A few years ago I wrote an article about maps, Mallorca's maps. It was about a function of maps that went beyond the obvious. It said: "Maps should map the imagination. A map of Mallorca should be a map of Mallorca's imagination". It was an article that visited a theme I have touched on periodically: the power of stories, those that have been written and spoken and those which are untold.

Behind the facts of Mallorca's history - the battles, the feuds, the buildings, the plagues - there are the stories. It is these which give history greater meaning. They are variously social commentary and observation or fantasy, but even the fantasy is rooted in certain realities, those of oral tradition, the passing of the fantastic tale from generation to generation, itself a product of myth, superstition, the land or sea.

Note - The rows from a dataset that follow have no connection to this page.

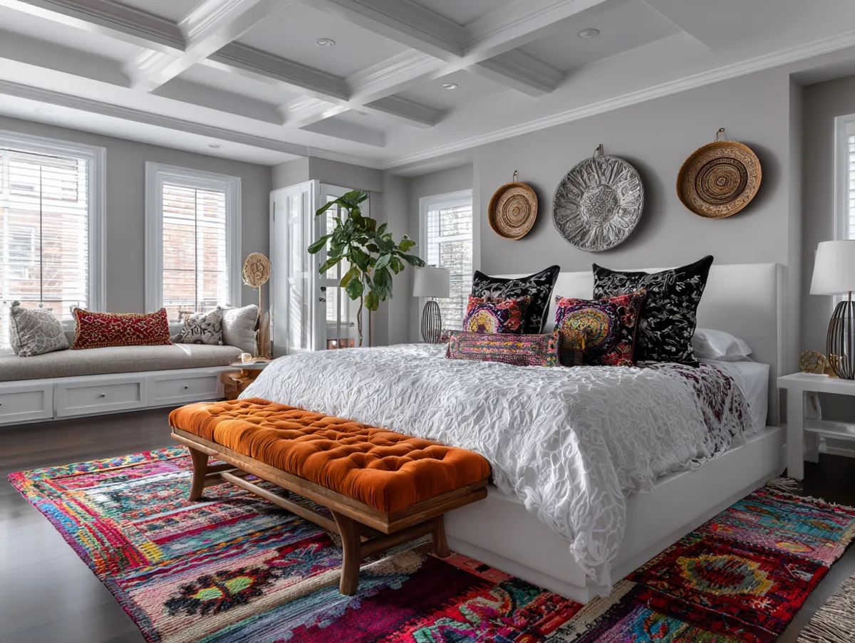 When it comes to furniture, choose pieces with bold and ornate details. For example, you could choose a bed frame with intricate carvings or a dresser with ornate hardware. Additionally, choose decorative accessories with bold accents. For example, you could choose decorative pillows with embroidered details, a lamp with a colorful base, or a mirror with an ornate frame. These bold accents can add a touch of drama and sophistication to your space.
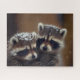 Puzzle Raccoons de bebé se apiñan en la nieve en caída
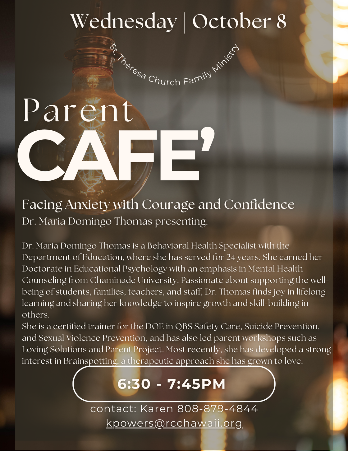 St. Theresa, a Catholic community in Kihei, called to be disciples of Jesus, seeks to: faithfully model Jesus according to His work; become a welcoming, loving and caring community; grow in our faith and spirituality through Eucharist, the sacraments, prayer and study; put faith into action through full and active participation in our parish and community; practice stewardship in our parish and community.

Mapping imagination is all this. Stories told and stories untold. The fantastic or the factual, and those which combine both. And within Mallorca there is a denseness of stories, the consequence of its smallness, of its remoteness and insularity, of its fears and anxieties and of its essential folkloric tradition - when you are cut off and separated as Mallorca was, the stories acquire a uniqueness and difference.

The literary and story-telling tradition is centuries old. Its first true manifestation dates from the later thirteenth century. Ramon Llull's "Blanquerna" was a semi-autobiograhical novel of fact and fiction, the hero - Blanquerna - leaving the family home to devote himself to God, to aspire to become pope, to become a hermit in order to dedicate himself completely to God.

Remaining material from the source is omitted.